Stream error handling
Errors during streaming are captured automatically:
try {
const stream = await openai.chat.completions.create({
model: 'gpt-4',
messages: [ /* ... */ ],
stream: true
});
for await (const chunk of stream) {
// Process chunk
}
} catch (error) {
// Error is automatically attached to the span
console.error('Stream error:', error);
}
The span will include:
- Error code (error name)
- Error message
- Stack trace
Streaming with prompts
Combine streaming with prompt management:
import { wrap, prompt } from 'zeroeval';
const openai = wrap(new OpenAI());
const systemPrompt = await prompt({
name: 'storyteller',
content: 'You are a creative storyteller.'
});
const stream = await openai.chat.completions.create({
model: 'gpt-4',
messages: [
{ role: 'system', content: systemPrompt },
{ role: 'user', content: 'Tell me about a brave cat.' }
],
stream: true
});
for await (const chunk of stream) {
const content = chunk.choices[0]?.delta?.content || '';
process.stdout.write(content);
}
Prompt metadata is extracted before streaming begins and attached to the span.
Streaming metrics
Metrics automatically captured for streaming requests:
| Metric | Attribute | Description |
|---|
| Time to first token | latency | Seconds from request start to first content chunk |
| Throughput | throughput | Characters per second (total chars / elapsed time) |
| Input tokens | inputTokens | Prompt tokens (if available) |
| Output tokens | outputTokens | Completion tokens (if available) |
| Chunk count | chunkCount | Total number of chunks received (Vercel AI only) |
| Streaming | streaming | Boolean flag indicating streaming mode |
Next.js streaming example
Stream responses in Next.js API routes:
import { OpenAI } from 'openai';
import { wrap } from 'zeroeval';
import { NextRequest } from 'next/server';
const openai = wrap(new OpenAI());
export async function POST(request: NextRequest) {
const { message } = await request.json();
const stream = await openai.chat.completions.create({
model: 'gpt-4',
messages: [
{ role: 'system', content: 'You are a helpful assistant.' },
{ role: 'user', content: message }
],
stream: true
});
// Create a ReadableStream for the response
const encoder = new TextEncoder();
const readable = new ReadableStream({
async start(controller) {
for await (const chunk of stream) {
const content = chunk.choices[0]?.delta?.content || '';
if (content) {
controller.enqueue(encoder.encode(content));
}
}
controller.close();
}
});
return new Response(readable, {
headers: { 'Content-Type': 'text/plain; charset=utf-8' }
});
}
Vercel AI SDK data stream
Use Vercel AI’s data stream utilities:
import * as ai from 'ai';
import { createOpenAI } from '@ai-sdk/openai';
import { wrap } from 'zeroeval';
const openai = createOpenAI();
const wrappedAI = wrap(ai);
export async function POST(req: Request) {
const { messages } = await req.json();
const result = await wrappedAI.streamText({
model: openai('gpt-4o-mini'),
messages
});
// Convert to data stream response
return result.toDataStreamResponse();
}
The span is automatically closed when toDataStreamResponse() is called.
Best practices
Always consume streams completely
Ensure you iterate through all chunks to get accurate metrics. Partial consumption will result in incomplete data.

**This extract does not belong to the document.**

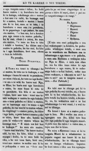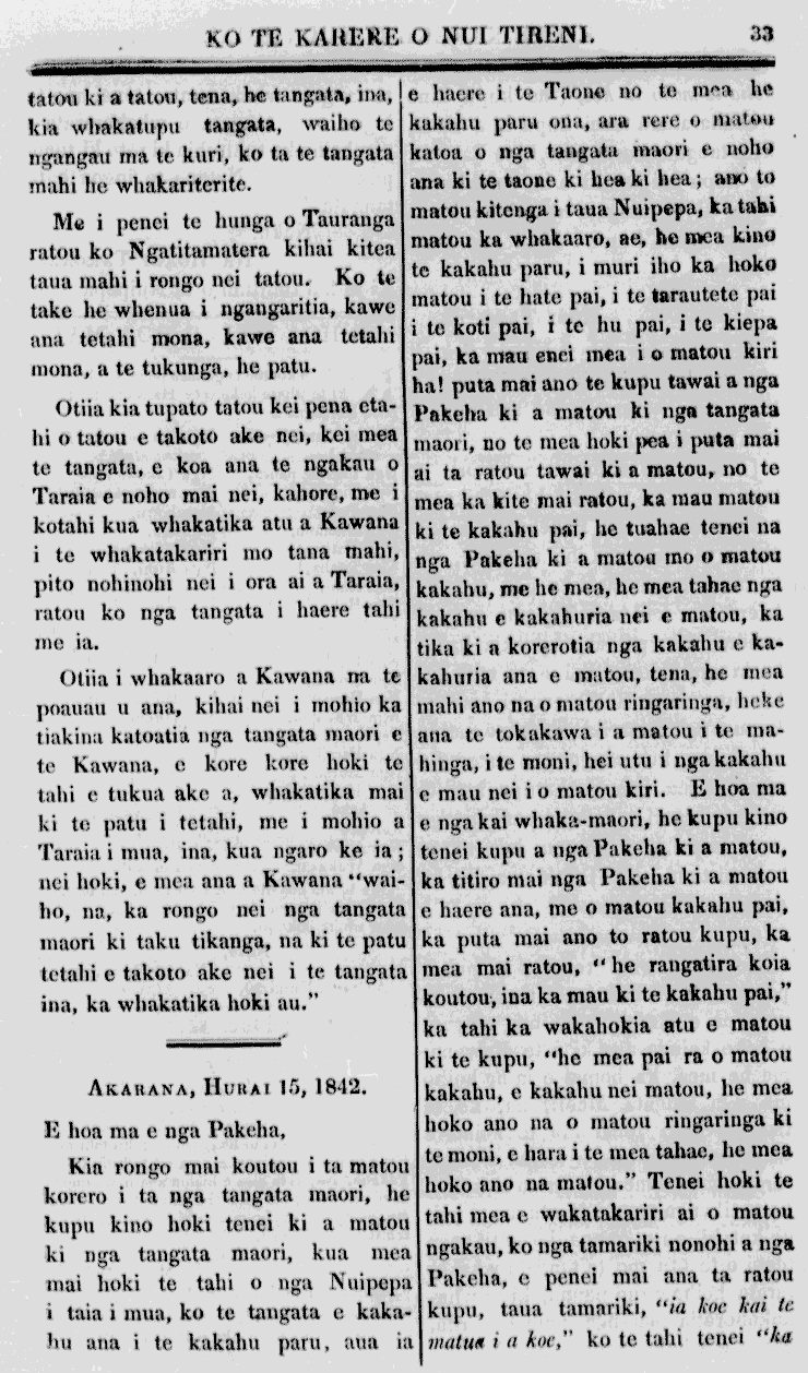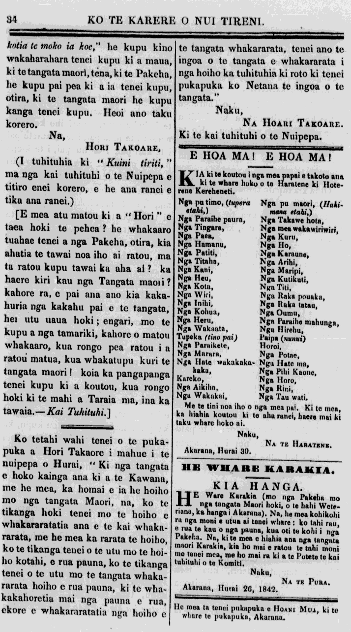 kotia te moko ia koe, he kupu kino wakaharahara tenei kupu ki a maua, ki te tangata maori, tena, ki te Pakeha, he kupu pai pea ki a ia tenei kupu, otira, ki te tangata maori he kupu kanga tenei kupu. Heoi ano taku korero. Na, Hori TAKOARE (I tuhituhia ki Kuini tiriti, ma nga kai tuhituhi o te Nuipepa e titiro enei korero, e he ana ranei e tika ana ranei.) E mea atu matou ki a Hori e taea hoki te pehea ? he whakaaro tuahae tenei a nga Pakeha, otira, kia ahatia te tawai noa iho ai ratou, ma ta ratou kupu tawai ka aha ai ka haere kiri kau nga Tangata maori kahore ra, e pai ana ano kia kakahuria nga kakahu pai e te tangata, hei utu uaua hoki engari, mo te kupu a nga tamariki, kahore o matou whakaaro, kua rongo pea ratou i a ratou matua, kua whakatupu kuri te tangata maori! koia ka pangapanga tenei kupu ki a koutou, kua rongo hoki ki te mahi a Taraia ma, ina ka tawaia. Kai Tuhituhi.] Ko tetahi wahi tenei o te pukapuka a Hori Takaore i mahue i te nuipepa o Hurai, Ki nga tangata e hoko kainga ana ki a te Kawana, me he mea, ka homai e ia he hoiho mo nga tangata Maori, na, ko te tikanga hoki tenei mo te hoiho e whakararatatia ana e te kai whakaako, me mea a rarata te hoiho, ko te tikanga tenei 0 te utu mo te hoiho kotahi, e rua pauna, ko te tikanga tenei 0 te utu mo te tangata wakararata hoiho e rua pauna, ki te whakakaheretia mad. nga pauna e rua, ekore e whakararatatia nga hoiho e te tangata whakararata tenei ano te. ingoa o te tangata e. whakararata, i nga hoiho ka tuhituhia ki roto ki tenei pukapuka ko Netana te ingoa o te tangata. Naku, NA HOARI TAKOARE. Ki te kai tuhituhi o te Nuipepa. E HOA MA! E HOA MA! KIA ki te koutou i nga me papai e takoto ana ki te whare hoko o te Haratene ki Hoterene Kereheneti. Nga pu timo,Nga pu maori, (tupera etahi,)(Hakimana etahi) Nga Paraihe paura, Nga Takawe hota, Nga TingaraNga mea wakawiriwiri Nga Paea,Nga Kuru, Nga Hamanu,Nga Ho, Nga Patiti,Nga Karaune, Nga Titaha,Nga Arihi, Nga Kani,Nga Maripi, Nga Heu,Nga Kutikuti, Nga Kota,Nga Titi, Nga Wiri,Nga Raka pouaka, Nga Inihi,Nga Raka tatau, Nga Kohua,Nga Oumu, Nga Heru,Nga Paraihe mahunga, Nga Wakaata,Nga Hirehu, Tupeka (tino pai)Paipa (nunui) Nga Paraikete,Horoi, Nga Marara,Nga Potae, Nga Hate Nga Hate ma, wakakakakaka Nga Pihi Kaone, Kareko,Nga Horo, Nga Aikiha,Nga Riri, Nga Wakakai, Nga Tau wati. Me te tini noa iho o nga mea pa . Ki te mea, ka hiahia koutou ki te aha ranei, haere mai ki taku whare hoko ai. Naku, NA TE HARATENE. Akarana, Hurai 30. HE WHARE KARAKIA KIA HANGA. HE Ware Karakia (mo nga Pakeha mo nga tangata Maori hoki, o te hahi Weteraina ka hanga i Akarana). Na, he mea kohikohi ra nga moni e utua ai tenei whare ko tahi rau, e rua te kau o nga pauna, kua oti te kohi i nga Pakeha na, ki te mea e hiahia ana nga tangata maori Karakia, kia ho mai e ratou te tahi moni mo tenei mea me ho mai ra ki a te Potete te kai tuhituhi o te komiti. Naku, NA TE PURA. Akarana, Hurai 26, 1 842. He mea ta tenei pukapuka e HOANI MUA, ki te whare te pukapuka, Akarana.

Enable usage tracking for OpenAI
Set stream_options.include_usage = true to capture token counts. The SDK does this automatically for native OpenAI models.
Handle errors gracefully
Wrap stream consumption in try-catch blocks. Errors are automatically attached to spans but should still be handled in your application.

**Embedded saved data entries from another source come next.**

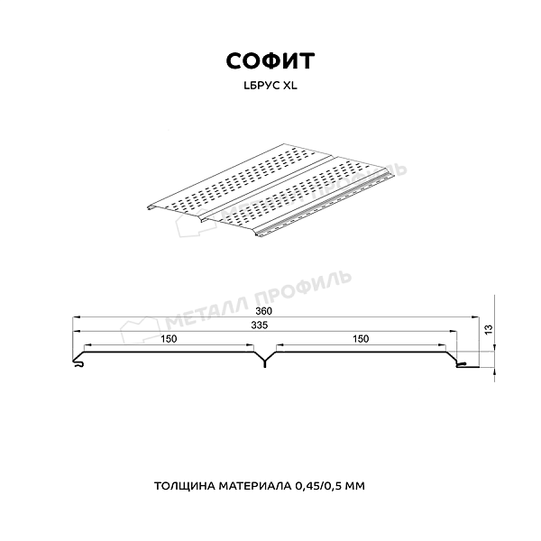 Софит МЕТАЛЛ ПРОФИЛЬ перфор. Lбрус-XL-14х335 (ПЭ-01-7024-0.45)
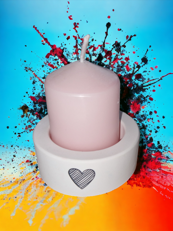 Kerze mit Kerzenständer aus Keraflott auf Holzbrettchen
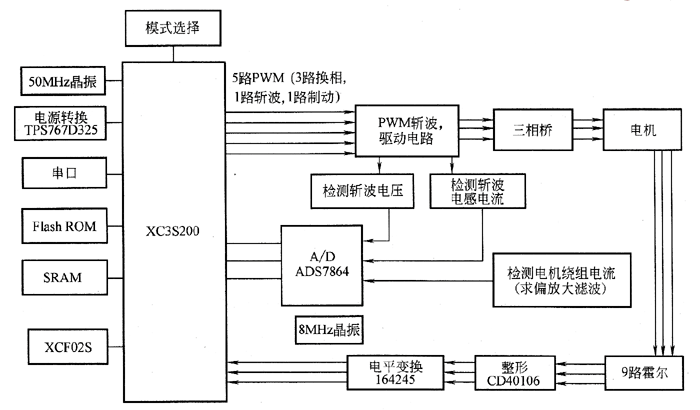 電路由電源模塊,電壓轉(zhuǎn)化模塊,F(xiàn)PCA模塊,驅(qū)動電路模塊,斬波電流、電壓檢測模塊,繞組電流檢測模塊,A/D模塊,通信模塊,外擴存儲器模塊等部分組成。
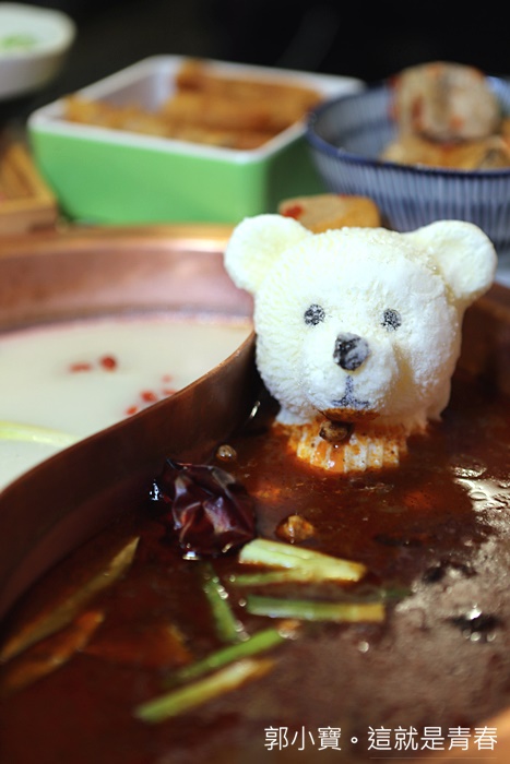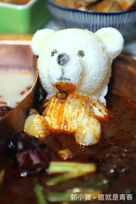 | 立馬把鮮奶小熊放到麻辣鍋中,來宜蘭就是要泡湯阿,鮮奶小熊放在麻辣鍋裡面泡湯的畫面看起來還挺療癒的,一整個超級可愛的,但是可愛歸可愛,還是要來試試看這樣的滋味是不是美味的! |
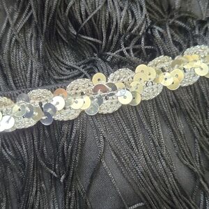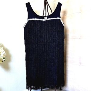 Spirit Halloween Flapper Dress, Black Fringe Mini Dress w Silver Sequin Detail
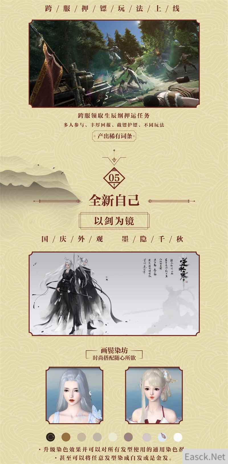 近日,逆水寒官方公布全新资料片内容,包括备受期待的荒野求生“吃鸡化” 、转服系统、匣中助手app 等,详情如下:
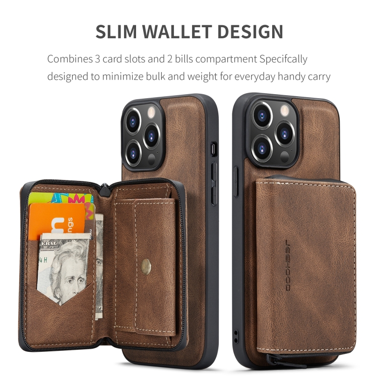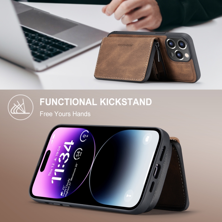 Funda de Cuero Jeehood para iPhone 15 Pro Max con Billetera y Cremallera Magnética (Marrón)
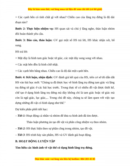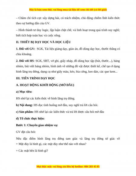 Giáo án Tạo đồ dùng dạng hình lăng trụ đứng Toán 7 Cánh diều

Use fullStream for detailed metrics
When using Vercel AI SDK, prefer fullStream over textStream if you need chunk-level metadata and usage statistics.
The SDK’s streaming wrapper adds minimal overhead:
- Latency: < 1ms per chunk (imperceptible to users)
- Memory: Buffers only the current chunk, not the entire response
- Throughput: No throttling or rate limiting
Streaming traces are ended when the stream is fully consumed or when conversion methods like toDataStreamResponse() are called.